Every African American male that I talk to has said that it's easier to talk to an African American woman. I agree as I have been seeing two different African American female therapists for the past two years. Talking to a black woman about my issues allows me to open up more which leads to a proper diagnosis for my issues. There is something about talking to an African American female that is soothing. You just feel like there is no judgement and everything is going to be ok.

In no way am I saying that Caucasian therapists cannot give me the care I need. However I'd be lying if I didn't say there are some things that are considered "black issues". With these black issues, we feel comfortable talking to black people about them. Don't worry, I will give you reasons why.

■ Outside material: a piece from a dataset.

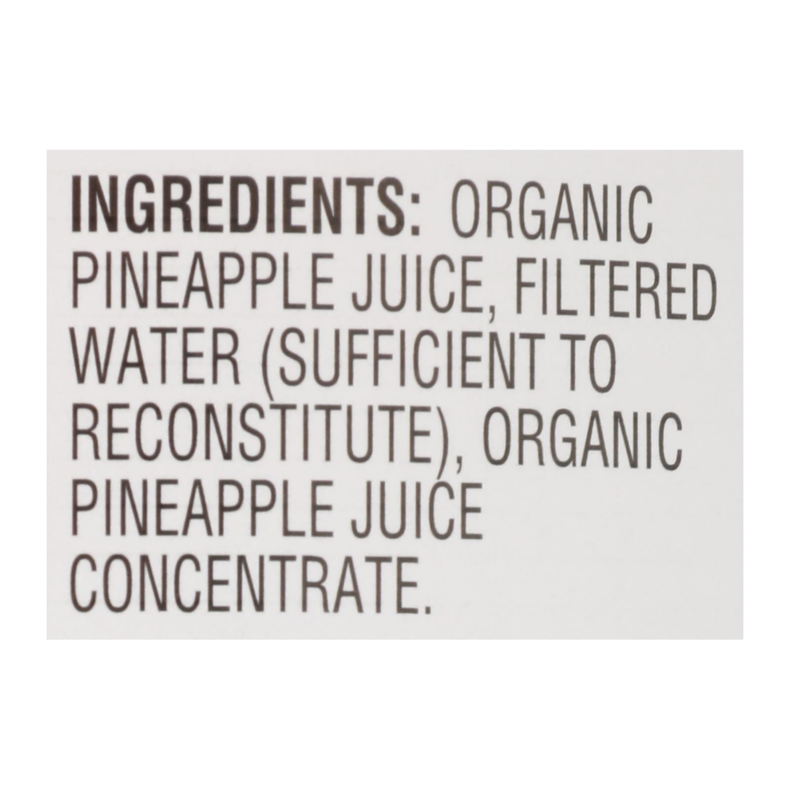 RW KNUDSEN'S ORGANIC PINEAPPLE JUICE IS MADE FROM 100% PINEAPPLE CONCENTRATE. IT'S ALL-NATURAL, SO THERE ARE NO PRESERVATIVES, ARTIFICIAL COLORS OR ADDED SUGAR. EVERY 32 FL. OZ. BOTTLE IS CERTIFIED ORGANIC AND NON-GMO AND PASTEURIZED FOR YOUR SAFETY. EACH CUP OF JUICE IS EQUIVALENT TO ONE SERVING OF FRUIT.

The first being the freedom to talk how we want to. Everyone has to be "fake" in some capacity, but when it comes to resolving mental health issues there is only room to be real. I don't think everyone would understand if I said my stupid ass lil head ass donkey ass boss is getting on my last dam nerve. That's how I feel about the issue, and I need someone to understand what I'm saying. Someone who understands how we talk around family and friends. I want to have that type of relationship with my therapist.

The second being black therapist have the same black problems we have. They understand and can give us expert recommendations. Something that is big in the news is black people not being able to have dreadlocks at work and at school. Imagine the damage that does: not being accepted for the way your hair. It's history behind history. We need to talk to a black therapist about this issue.

If you are suffering from mental health illness, I would not recommend holding out to speak to someone black if none are immediately available. You should be as transparent as possible with your mental health needs though. Not all black people want to talk to other black people about their problems. That is ok also. Get the help you need.